→ PROBLEM TO SOLVE
Find the line below with "Sandali da pescatore" and the line with "- Apple It Within". Output them and the lines between, exactly, but not the pictures.

→ EXTRACTED ENTRIES
------------
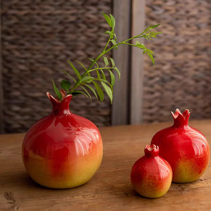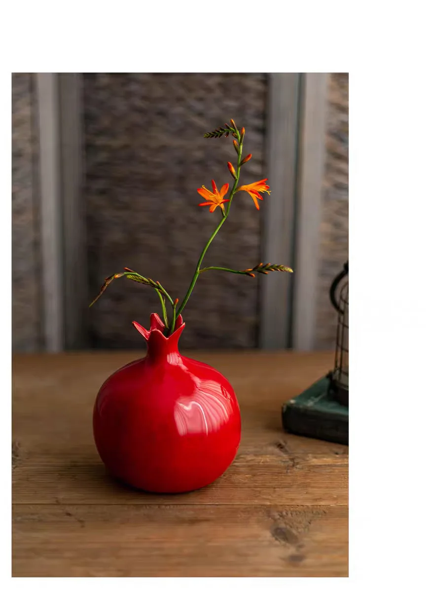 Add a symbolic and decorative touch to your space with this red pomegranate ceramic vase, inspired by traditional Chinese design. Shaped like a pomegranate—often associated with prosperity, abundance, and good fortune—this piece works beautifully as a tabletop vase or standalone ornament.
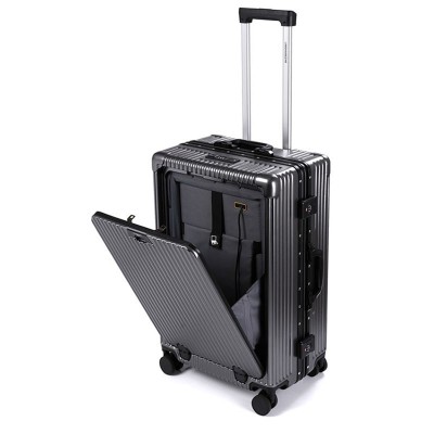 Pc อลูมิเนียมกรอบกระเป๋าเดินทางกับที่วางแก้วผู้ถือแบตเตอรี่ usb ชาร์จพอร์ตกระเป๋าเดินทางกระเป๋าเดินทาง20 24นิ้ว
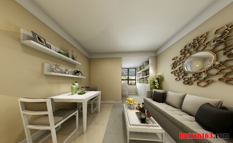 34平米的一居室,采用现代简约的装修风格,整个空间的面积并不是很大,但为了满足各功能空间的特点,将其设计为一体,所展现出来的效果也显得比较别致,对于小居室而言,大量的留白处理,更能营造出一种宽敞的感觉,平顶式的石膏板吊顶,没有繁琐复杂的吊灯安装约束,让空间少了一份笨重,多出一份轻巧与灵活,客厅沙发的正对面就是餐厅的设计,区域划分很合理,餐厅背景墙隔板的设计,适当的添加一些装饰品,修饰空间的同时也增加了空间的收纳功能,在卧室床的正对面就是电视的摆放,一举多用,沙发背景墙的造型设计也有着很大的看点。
------------
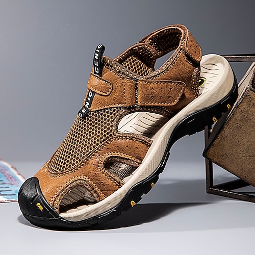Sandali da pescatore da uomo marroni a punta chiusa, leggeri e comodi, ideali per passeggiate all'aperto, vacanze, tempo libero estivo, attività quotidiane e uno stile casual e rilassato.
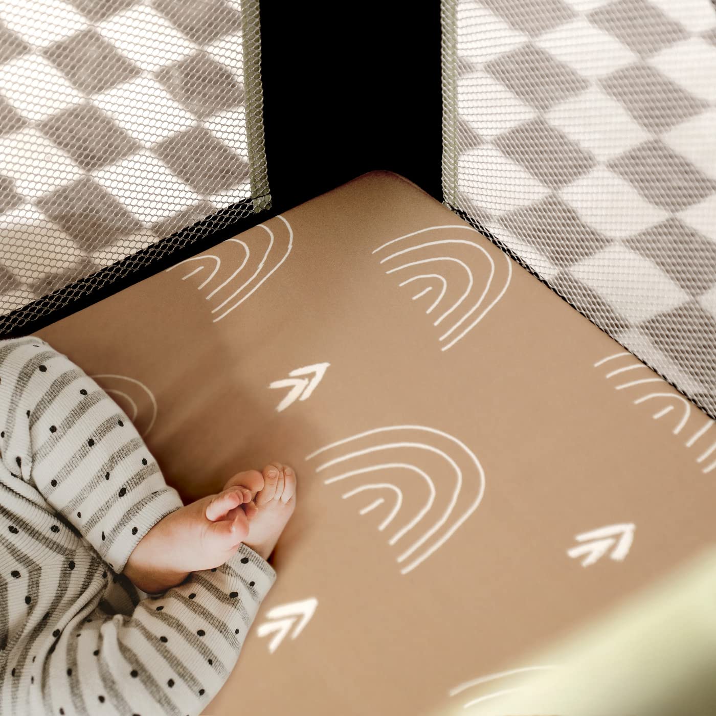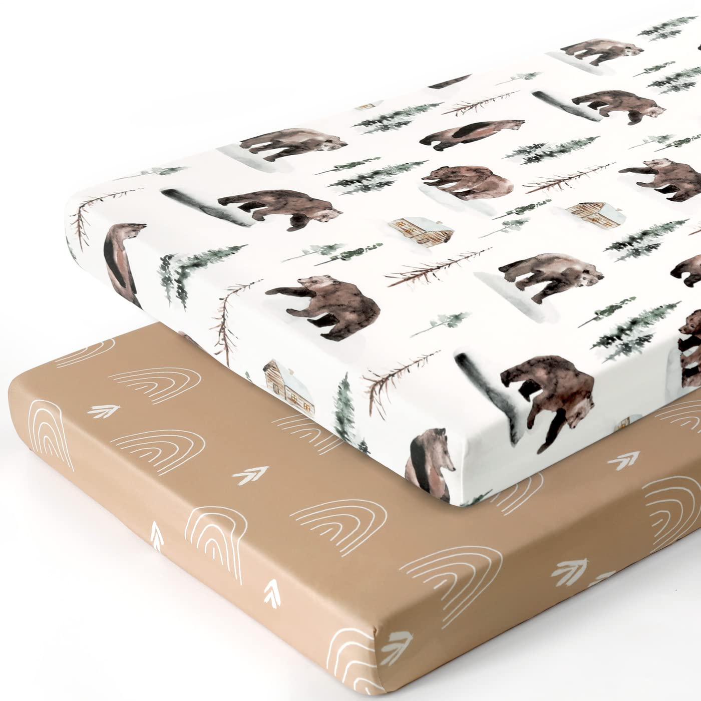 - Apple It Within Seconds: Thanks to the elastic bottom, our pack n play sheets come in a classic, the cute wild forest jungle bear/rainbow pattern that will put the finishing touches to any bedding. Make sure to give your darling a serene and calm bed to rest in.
------------
→ OUTPUT BELOW
Sandali da pescatore da uomo marroni a punta chiusa, leggeri e comodi, ideali per passeggiate all'aperto, vacanze, tempo libero estivo, attività quotidiane e uno stile casual e rilassato.
 - Apple It Within Seconds: Thanks to the elastic bottom, our pack n play sheets come in a classic, the cute wild forest jungle bear/rainbow pattern that will put the finishing touches to any bedding. Make sure to give your darling a serene and calm bed to rest in.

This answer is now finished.